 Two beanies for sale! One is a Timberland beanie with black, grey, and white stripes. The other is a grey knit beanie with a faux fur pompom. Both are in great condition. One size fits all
---
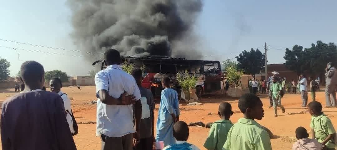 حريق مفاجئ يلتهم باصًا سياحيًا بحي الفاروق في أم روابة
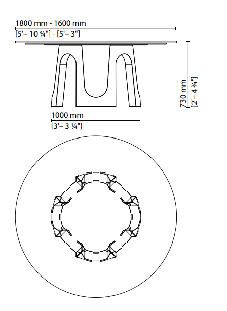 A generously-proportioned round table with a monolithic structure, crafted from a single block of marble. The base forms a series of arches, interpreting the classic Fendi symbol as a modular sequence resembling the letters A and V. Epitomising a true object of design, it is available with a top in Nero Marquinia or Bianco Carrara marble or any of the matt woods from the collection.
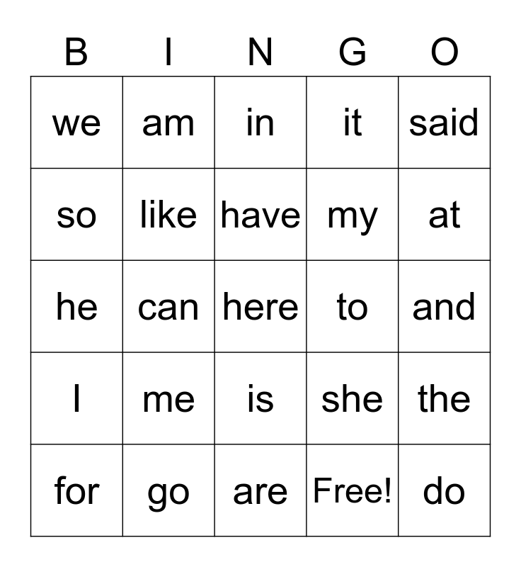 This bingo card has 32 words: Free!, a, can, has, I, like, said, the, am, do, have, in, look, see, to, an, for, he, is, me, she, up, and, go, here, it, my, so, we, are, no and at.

▶ The task
Copy out the lines above from the line containing "A generously-proportioned round" through the line containing "This bingo card", exactly, and keep the pictures out.

▶ Answer to this problem
 A generously-proportioned round table with a monolithic structure, crafted from a single block of marble. The base forms a series of arches, interpreting the classic Fendi symbol as a modular sequence resembling the letters A and V. Epitomising a true object of design, it is available with a top in Nero Marquinia or Bianco Carrara marble or any of the matt woods from the collection.
 This bingo card has 32 words: Free!, a, can, has, I, like, said, the, am, do, have, in, look, see, to, an, for, he, is, me, she, up, and, go, here, it, my, so, we, are, no and at.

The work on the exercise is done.